WORK REQUIRED - Under this line is a listing; return exactly the lines starting at the one with "上午九点半,在真觉禅寺(大慈" and running down to the one with "Because of the", and leave out its pictures.
====== RECORDS PROVIDED
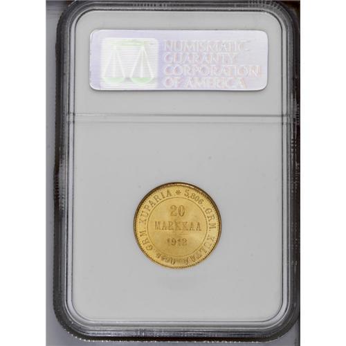 Nicholas II gold 20 Markkaa 1912-S, KM9.2, MS66 NGC.
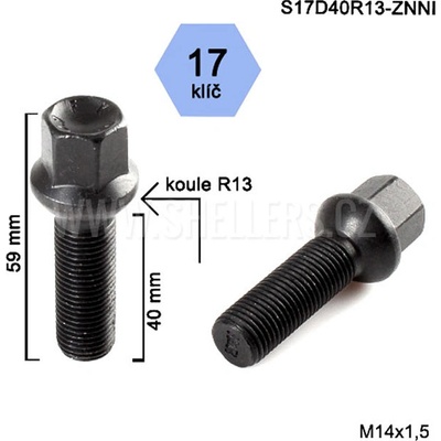 Kolový šroub S17D40R13-ZNNI pro originalní litá ALU i plechová kola značek Audi, Seat, Škoda, Bentley a Volkswagen prodloužený o 13 mm. Celková výška 59 mm. Barva...
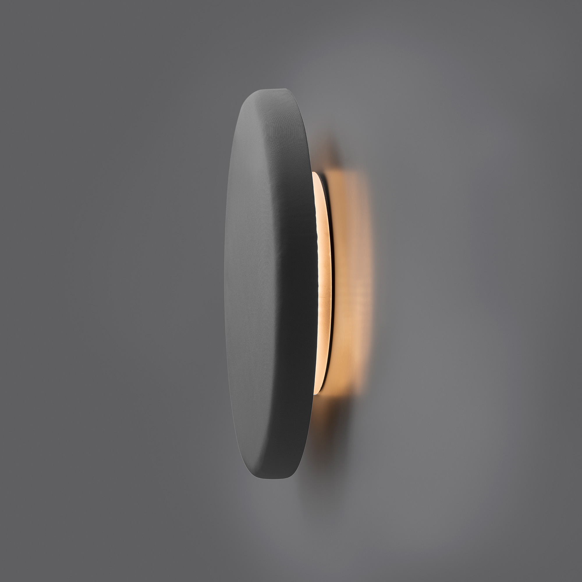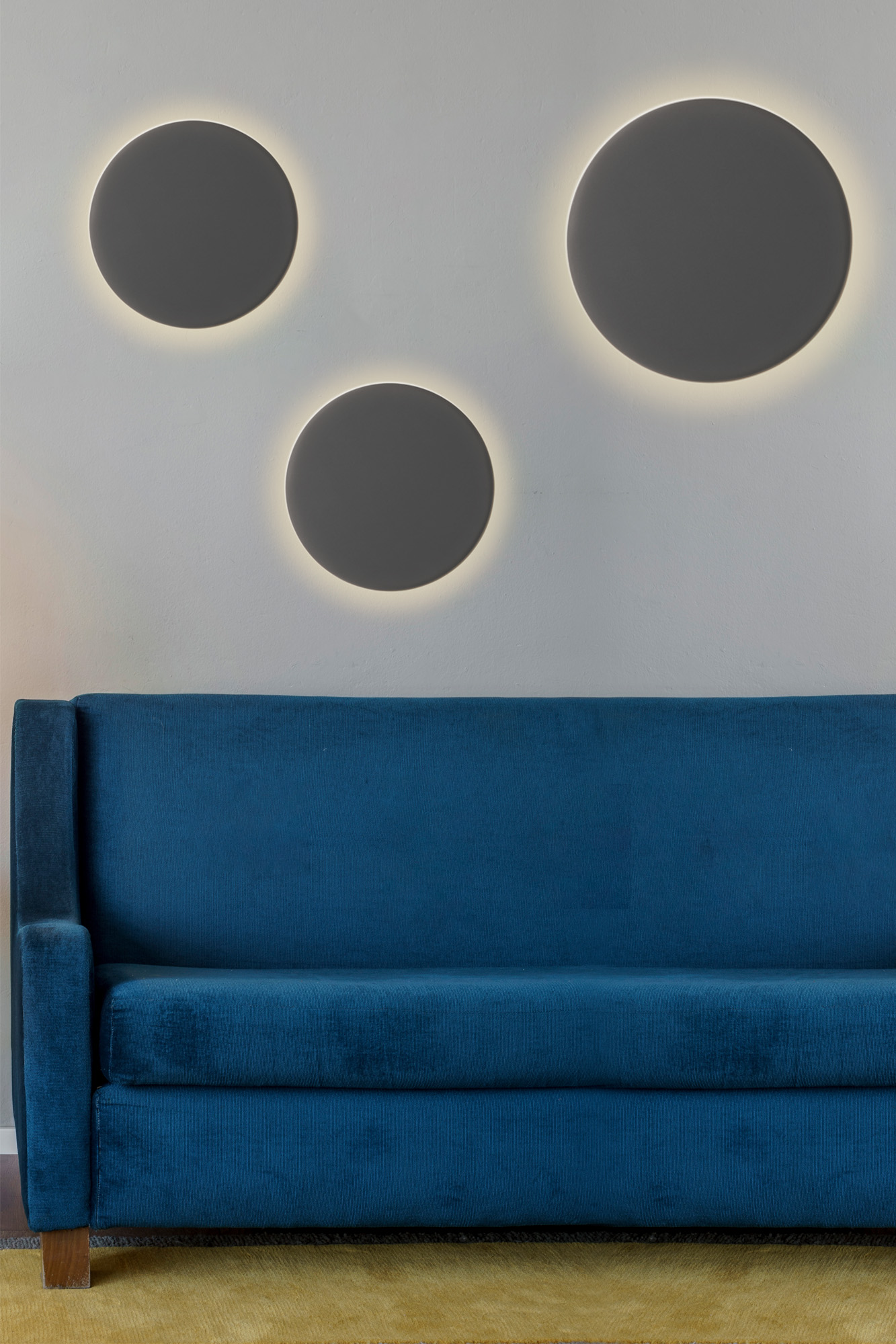 TOU - это дизайнерский настенный светильник, созданный Faro Lab. Он изготовлен из алюминия и имеет покрытие из ткани и поролона. Свет косвенно излучается круглым лучом его конструкции. Это позволяет создавать разные комбинации и красивую ванну из света. Его можно найти в двух размерах и цветах. Это серая версия диаметром 35 см.
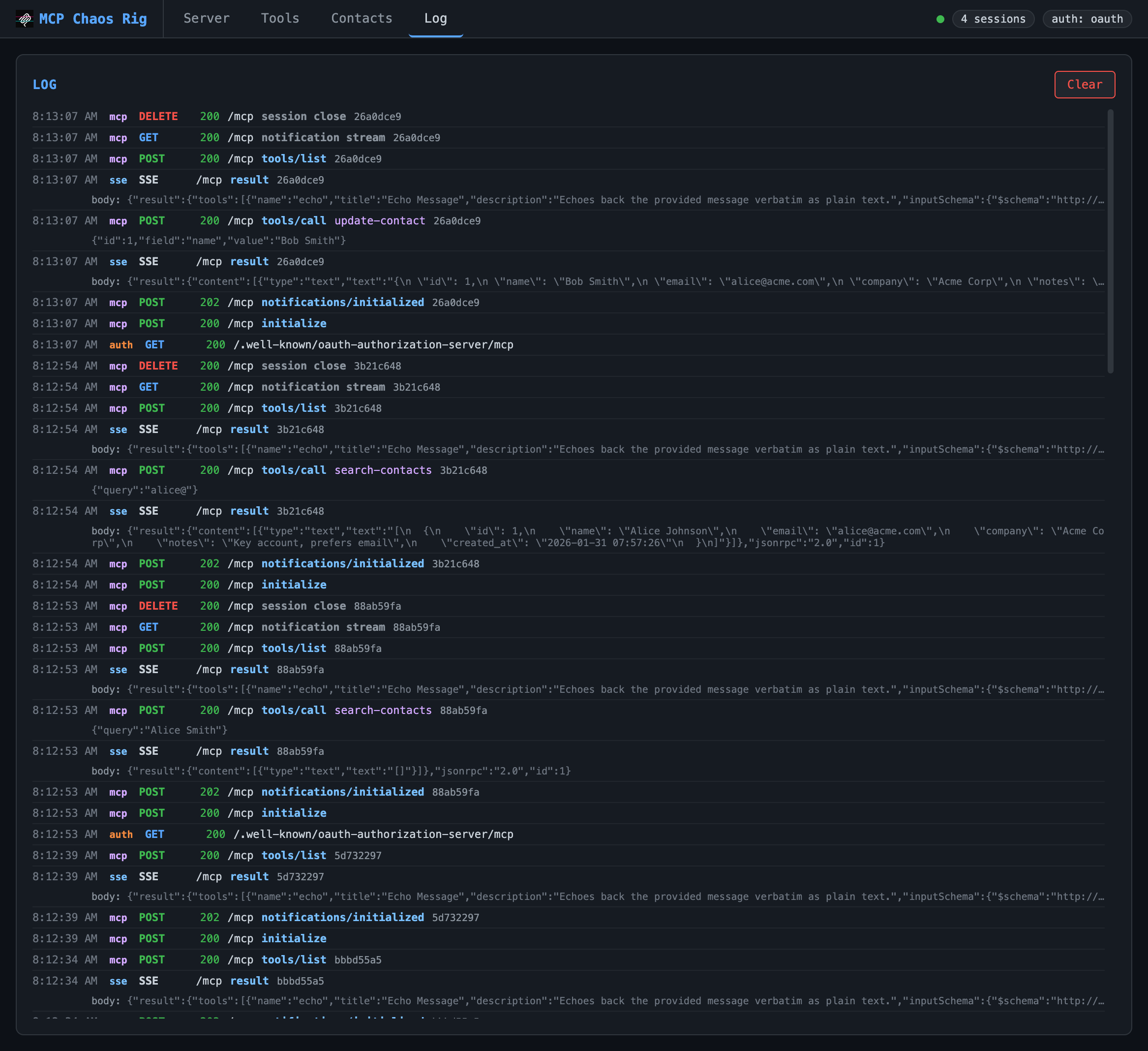 | Token rejection mid-session | Toggle "Reject OAuth" to 401 or 500 while client is connected |
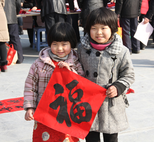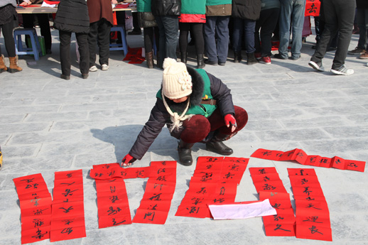 上午九点半,在真觉禅寺(大慈阁)山门前的广场上,熙熙攘攘的挤满了人,市佛教协会会长真广法师、著名画家苗冬青老师、河北省书协副主席吴占良、王法明、刘五辈老师及众多的书法名家等,泼墨挥毫为大家书写一幅幅对联福字。
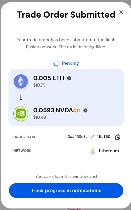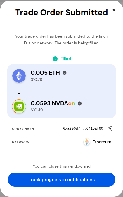 The Trade order will be submitted. Once the trade is complete the pop up will say the order was filled. This may take a few minutes depending on network traffic.
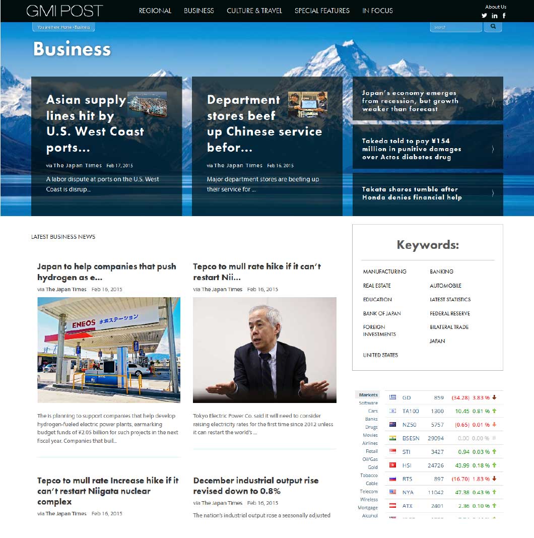 Because of the very unique nature of the website and their needs we built a completely custom solution from the ground up. We created a custom Content Management System to control and influence the variables filtering the news, manage incoming news items and override the algorithm default results if desired, and to add GMI's own news items and affect how and where they entered the ongoing new stream.
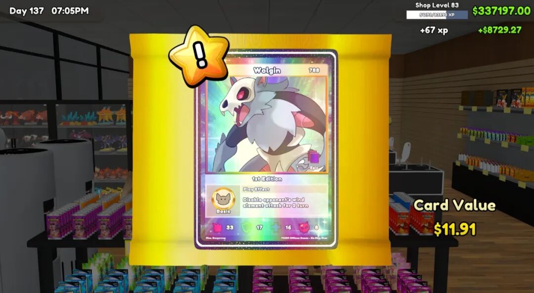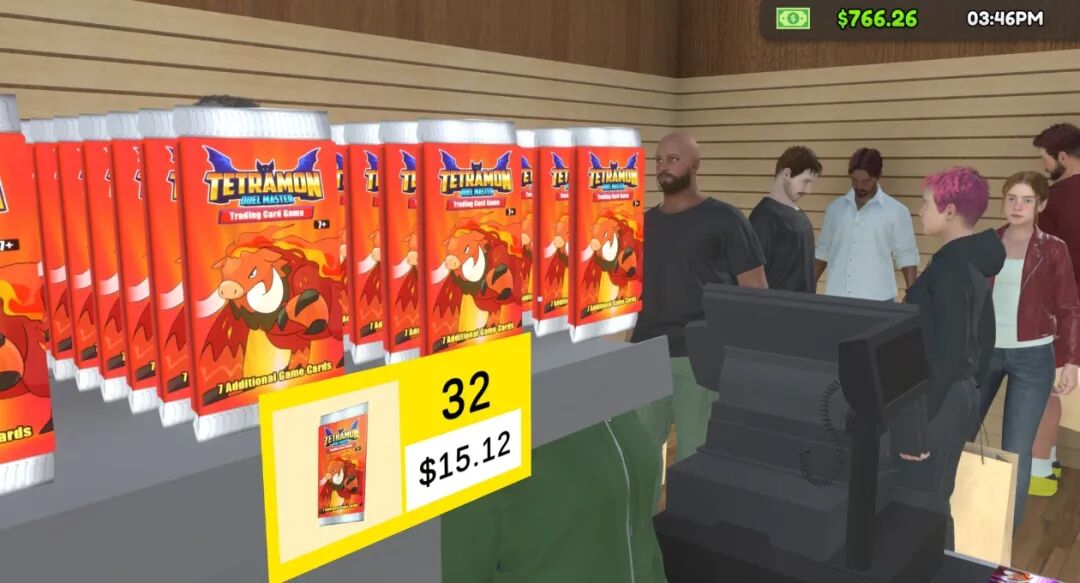 就拿《TCG Card Shop Simulator》来举例,它本质是把“拆卡包”这个具备天然爽感的环节嵌进模拟经营的框架里。拆卡包的爽感是入口,把一家店铺从小做大的成就感和其中的策略乐趣则负责留住玩家。
============
SOLUTION -
 上午九点半,在真觉禅寺(大慈阁)山门前的广场上,熙熙攘攘的挤满了人,市佛教协会会长真广法师、著名画家苗冬青老师、河北省书协副主席吴占良、王法明、刘五辈老师及众多的书法名家等,泼墨挥毫为大家书写一幅幅对联福字。
 The Trade order will be submitted. Once the trade is complete the pop up will say the order was filled. This may take a few minutes depending on network traffic.
 Because of the very unique nature of the website and their needs we built a completely custom solution from the ground up. We created a custom Content Management System to control and influence the variables filtering the news, manage incoming news items and override the algorithm default results if desired, and to add GMI's own news items and affect how and where they entered the ongoing new stream.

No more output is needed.